Good vs. Bad
Living without any stress is impossible unless you’re retired on an island, sipping coconuts while “Don’t Worry, be Happy” plays in the background. Eventually, that could become stressful by sheer boredom. However, some stress is good for you.
The good stress is that sudden burst of energy, the release of endorphins, serotonin and dopamine, that chemical cocktail we feel with our first kiss, getting the promotion, or our favorite team winning the playoffs. Good stress, known as “eustress”, helps. It’s the fight-or-flight hormones our bodies produce. Our hearts beat faster, our senses heighten, allowing us to meet those deadlines and get things done.
Studies show that the good stress is beneficial to us. It strengthens our immune system. People are shown to recover quicker from surgery after experiencing some stress compared to those who had little or no stress. Stress helps protect against Alzheimer due to brain cells working at maximum performance. Because it suppresses the production of estrogen good stress may aid in the prevention of breast cancer. There is no doubt these short-term stress responses are beneficial.
But what happens when the short-term becomes the long haul? We are now managing more than ever with the constant challenges of our daily life; personal finances, a flat tire, the computer crashing, care-giving an elderly parent, or the interruptions resulting from a stolen purse. The list piles up as we turn to the daily news with reports on the economy, traffic, pollution, and now you are in a state of what is called the “superstress”. You’ve become overloaded not just emotionally but physically and mentally as well. The “superstress” chemical cocktail has a blend of hormones including glucocorticoids, adrenaline, and cortisol. This can wreck havoc on your body; heart rate increases, blood vessels and pupils dilate, belly fat increases raising your chances of cardiovascular disease, brain cells are destroyed, depression, and increase in inflammation which can weaken your bones by preventing calcium to be absorbed. One-fourth of all drugs prescribed in the U.S. go to the treatment of stress. It can also contribute to other harmful behaviors, such as addiction, alcoholism, and obesity.

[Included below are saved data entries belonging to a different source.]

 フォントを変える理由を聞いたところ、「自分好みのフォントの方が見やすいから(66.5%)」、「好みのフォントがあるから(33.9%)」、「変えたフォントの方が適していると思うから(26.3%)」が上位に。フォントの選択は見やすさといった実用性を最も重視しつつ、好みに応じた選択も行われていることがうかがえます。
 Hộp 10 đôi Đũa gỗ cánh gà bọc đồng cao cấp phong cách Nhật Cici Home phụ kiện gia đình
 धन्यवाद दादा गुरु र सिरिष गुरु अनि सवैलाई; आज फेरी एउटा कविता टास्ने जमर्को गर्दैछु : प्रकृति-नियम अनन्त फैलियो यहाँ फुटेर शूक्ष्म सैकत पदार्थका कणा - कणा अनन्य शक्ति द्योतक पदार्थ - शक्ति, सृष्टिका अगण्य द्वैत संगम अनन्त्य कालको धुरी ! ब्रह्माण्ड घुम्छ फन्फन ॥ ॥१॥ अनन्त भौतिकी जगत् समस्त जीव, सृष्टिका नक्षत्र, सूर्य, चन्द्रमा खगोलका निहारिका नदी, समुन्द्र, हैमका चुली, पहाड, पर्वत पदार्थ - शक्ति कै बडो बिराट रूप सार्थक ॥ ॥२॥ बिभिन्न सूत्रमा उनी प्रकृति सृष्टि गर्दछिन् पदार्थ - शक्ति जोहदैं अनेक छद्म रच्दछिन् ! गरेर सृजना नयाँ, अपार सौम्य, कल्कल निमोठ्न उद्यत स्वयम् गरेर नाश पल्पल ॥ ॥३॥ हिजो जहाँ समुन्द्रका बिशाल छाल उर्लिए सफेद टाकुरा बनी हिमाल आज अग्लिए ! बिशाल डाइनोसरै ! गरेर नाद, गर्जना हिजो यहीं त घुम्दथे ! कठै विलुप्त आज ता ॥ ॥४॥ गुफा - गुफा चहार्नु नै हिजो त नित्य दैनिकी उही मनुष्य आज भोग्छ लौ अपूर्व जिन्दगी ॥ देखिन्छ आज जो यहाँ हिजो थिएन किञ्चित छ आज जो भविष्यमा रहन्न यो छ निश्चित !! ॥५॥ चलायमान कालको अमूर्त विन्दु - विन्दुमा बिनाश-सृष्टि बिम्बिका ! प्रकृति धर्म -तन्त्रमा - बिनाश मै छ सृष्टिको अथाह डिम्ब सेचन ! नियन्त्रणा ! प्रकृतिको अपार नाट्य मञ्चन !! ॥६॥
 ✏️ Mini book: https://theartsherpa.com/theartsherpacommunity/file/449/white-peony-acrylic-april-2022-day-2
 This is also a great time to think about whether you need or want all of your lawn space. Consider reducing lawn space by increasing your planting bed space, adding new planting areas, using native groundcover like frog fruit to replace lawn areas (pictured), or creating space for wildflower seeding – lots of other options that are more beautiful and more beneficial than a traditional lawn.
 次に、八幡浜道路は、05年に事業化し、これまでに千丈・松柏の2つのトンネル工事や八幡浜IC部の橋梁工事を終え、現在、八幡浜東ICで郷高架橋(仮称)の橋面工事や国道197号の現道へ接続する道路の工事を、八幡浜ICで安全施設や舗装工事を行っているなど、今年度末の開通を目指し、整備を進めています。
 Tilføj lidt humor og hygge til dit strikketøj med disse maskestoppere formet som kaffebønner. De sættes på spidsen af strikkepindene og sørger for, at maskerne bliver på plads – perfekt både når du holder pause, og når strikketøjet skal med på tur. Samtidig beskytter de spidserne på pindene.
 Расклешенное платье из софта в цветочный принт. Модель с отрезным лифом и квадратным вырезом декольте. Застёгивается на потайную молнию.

What to do? There are several ways to help you stress less. Start with a gratitude journal. According to research by Robert Emmons, Ph.D. people who journal are 25% happier, sleep 30 minutes longer and have 10 percent lower blood pressure. Breathing is good; we tend to be shallow breathers especially at times of stress. Slow, long deep breaths help lower blood pressure, increase immune function and produce more energy. Consider using supplements such as Omega-3, B-complex, St. John’s Wort and my favorite, Chocolate. It contains a substance called anandamide, the bliss molecule. The recommended dose is to eat 2 ounces of dark chocolate that is 60 to70 percent cocoa daily. Diet is crucial. What you put in body can actually stress your body more if it has to work overtime to detoxify from bad food choices. Whole foods including berries, bright colored produce and vegetables, whole grains and salmon are good selections. According to a study by London psychologists, the ritual of putting the kettle on for tea can calm you down. Strive to drink a cup of green tea daily which helps calm and relax the body. Move! Dance, walk, join a Zumba class, or pick up weights. Exercise sustains your body. Although it can be stressful it is in a nourishing way. The lungs get oxygen, the muscles receive nutrients, your metabolism revs up and the immune system “cleans house”. Last but not least, meditate or do yoga. Many studies have shown that our genes will change their response to stress with daily prayer or similar therapies. Be mindful and start training your body to respond more positively to stress. Managing your stress can greatly improve your life. Namaste!